Our client asked us to help them to recognise and classify emotive content into categories such as “happy”, “angry” and “worry” in order to help them to prioritise incoming customer enquiries and prevent escalating complaints and customer churn.
Further complicating things, the incoming enquiries were in the Austrian dialect of German.
Solution
Filament initially investigated whether any existing “software-as-a-service” emotion classification APIs such as those provided by IBM, Microsoft and Google were appropriate for the task. We found that most of the APIs did not support Austrian german and eventually opted to train our own model.
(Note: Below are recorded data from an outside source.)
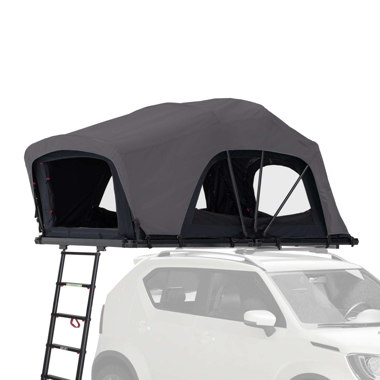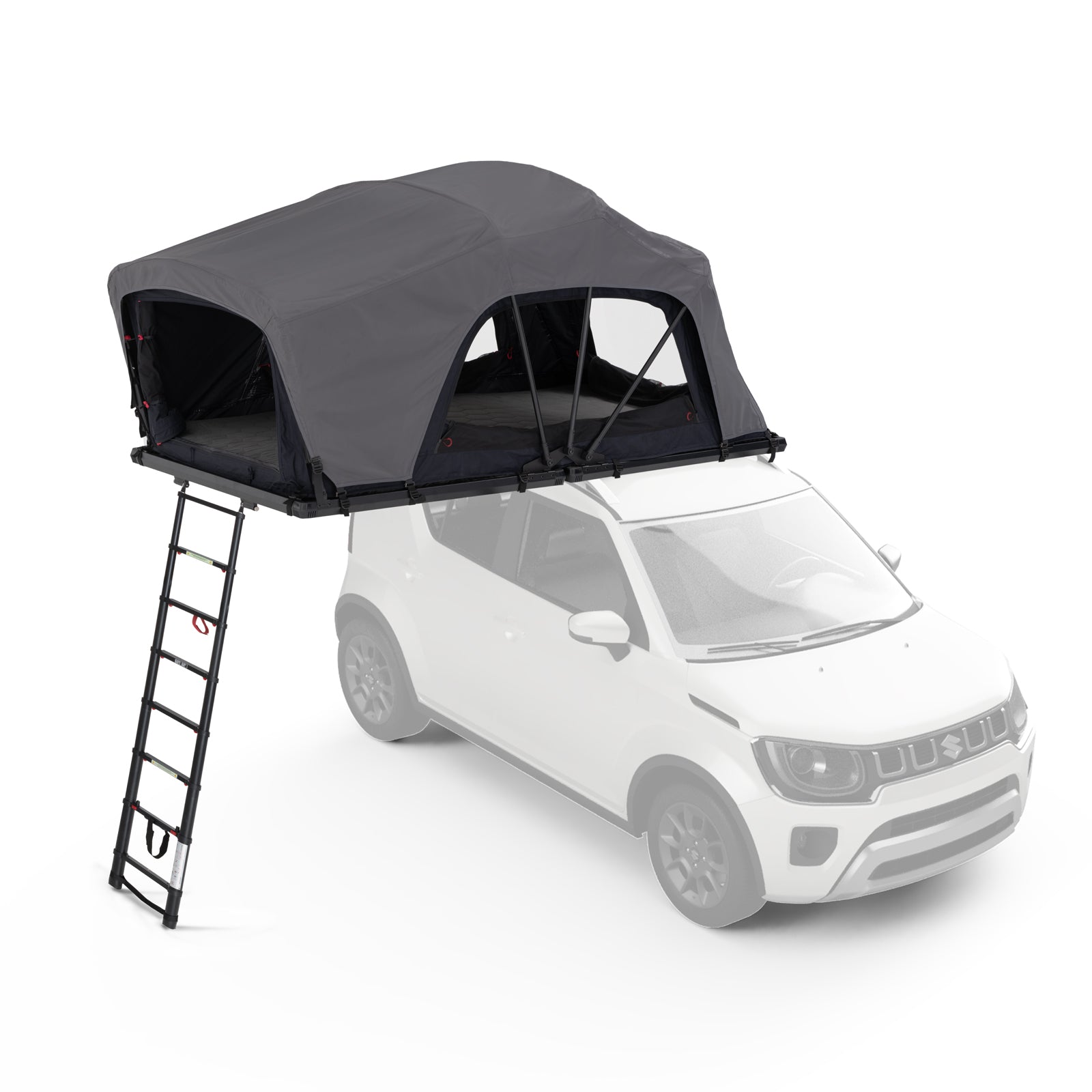 Ein klappbares Softcover-Dachzelt - erhältlich in zwei Größen. Komfortablen Liegebreite ideal für drei Personen.
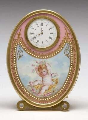 Fine French porcelain & gilt bronze desk clock late 19th c.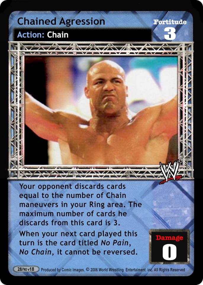 Your opponent discards cards equal to the number of Chain maneuvers in your Ring area. The maximum number of cards he discards from this card is 3. When your next card played this turn is the card titled No Pain, No Chain, it cannot be reversed.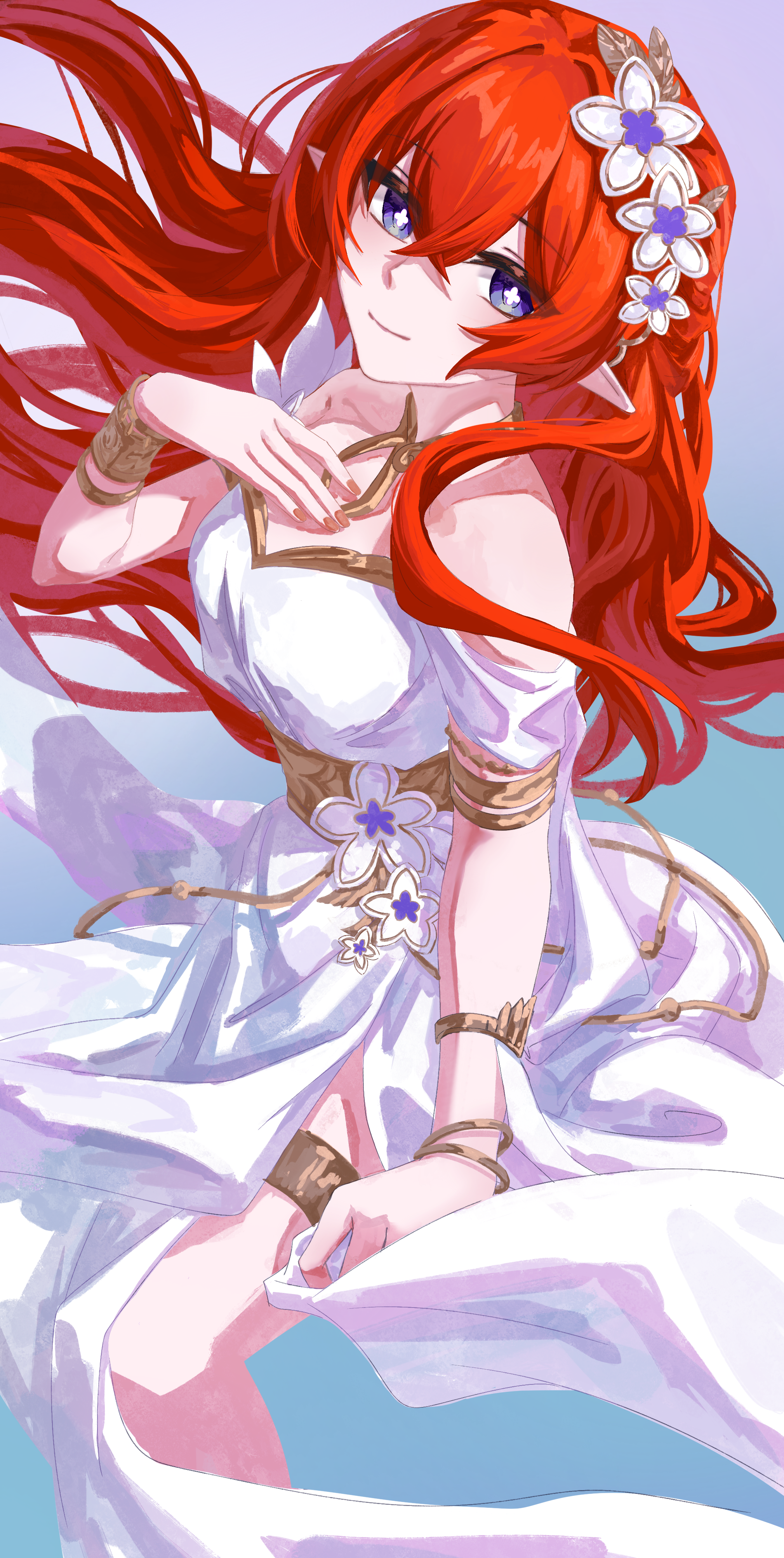 1girl absurdres ancient_greek_clothes bare_shoulders blue_eyes cross-shaped_pupils dress flower greco-roman_clothes hair_flower hair_ornament highres honkai:_star_rail honkai_(series) long_hair looking_at_viewer pointy_ears red_hair red_nails smile solo symbol-shaped_pupils tribios_(honkai:_star_rail) white_dress yan_miao

A small number of utterances were provided by the client to validate our model. However, a large amount of annotated data was required to train a new model. We worked closely with the client and a German crowd annotation company to get over 10,000 examples of emotive customer enquires annotated and used best practices for obtaining inter-annotator-agreement in order to make sure that our training data was consistent.
We then trained a recurrent-neural model to encode the customer enquiries word-by-word and generate an emotion output. We were able to obtain 75% accuracy across 4 classes of emotion.
We worked with the client to productionise and deploy our emotion model as a REST API that they could integrate with their chat platform in order to handle emotion detection and triage in live customer chat sessions.
The initial data study was completed over 8 weeks
The production system was built over 24 weeks.